A estrutura da Ipatse acabou virando referência para cerca de seis aldeias do entorno. Todos os dias, por meio do rádio, a médica Giulia Parise Balbão se comunica com outras comunidades para dar orientações de saúde e fazer consultas de telemedicina. “Quando cheguei, já estava muito definido que o objetivo era não perder nenhuma vida na aldeia. As pessoas já estavam trabalhando incansavelmente. Eu vim apenas me somar a essa equipe”, conta Balbão. A estratégia aplicada ali também está sendo expandida para outras localidades, com dados sendo colhidos para o mesmo aplicativo que os Kuikuro utilizam. “Já começamos a fazer o monitoramento destas aldeias vizinhas também. Estamos exportando a ideia como um todo. O tratamento mesmo deve ficar concentrado na Ipatse, mas esperamos conseguir contratar mais médicos para dar essa assistência a 12 aldeias, que compõem o total 13% da população do Parque do Xingu”, afirma Moraes.
Até o início desta semana, a Apib (Articulação dos Povos Indígenas do Brasil) contabiliza 806 mortes devido à covid-19 entre a população indígena no Brasil todo. O Governo registra 419 óbitos, porque não considera indígenas em áreas urbanas.

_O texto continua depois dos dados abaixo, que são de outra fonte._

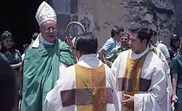 Sergio Méndez Arceo (28 October 1907 in Tlalpan – 5 February 1992 in Morelos) was a Mexican Roman Catholic bishop, activist and human rights supporter. A product of a wealthy family, Méndez Arceo's father was a successful lawyer and his uncle was a prominent archbishop believed to be involved in the church-state conflict of the 1920s.[1] Méndez Arceo graduated from the Pontifical Gregorian University of Rome and served as a Seminary professor in Mexico.[2] He became Roman Catholic Bishop of Cuernavaca, Morelos, in 1953 and served in that capacity until 1983.[3]

No último mês, os casos de coronavírus entre indígenas têm crescido. No início de julho, a aldeia Ipatse confirmou seus primeiros casos, de dois indígenas que provavelmente foram infectados na unidade de saúde da cidade e tiveram alta antes de serem testados. Semanas depois, outros moradores da aldeia apresentaram sintomas após participarem de um enterro. Os técnicos geoespaciais ―que diariamente monitoram a situação das famílias― rapidamente identificaram essas pessoas, que foram monitoradas pela equipe médica. Testes realizados na aldeia dão conta que ao menos 77 pessoas já contraíram o vírus. O cacique e uma idosa de 90 anos adoeceram e se recuperaram. A morte dos mais velhos é uma grande preocupação da comunidade, cuja história é guardada e repassada especialmente pelos anciãos. A vigilância segue firme com o mesmo objetivo assumido seis meses atrás: a mortalidade zero pelo coronavírus.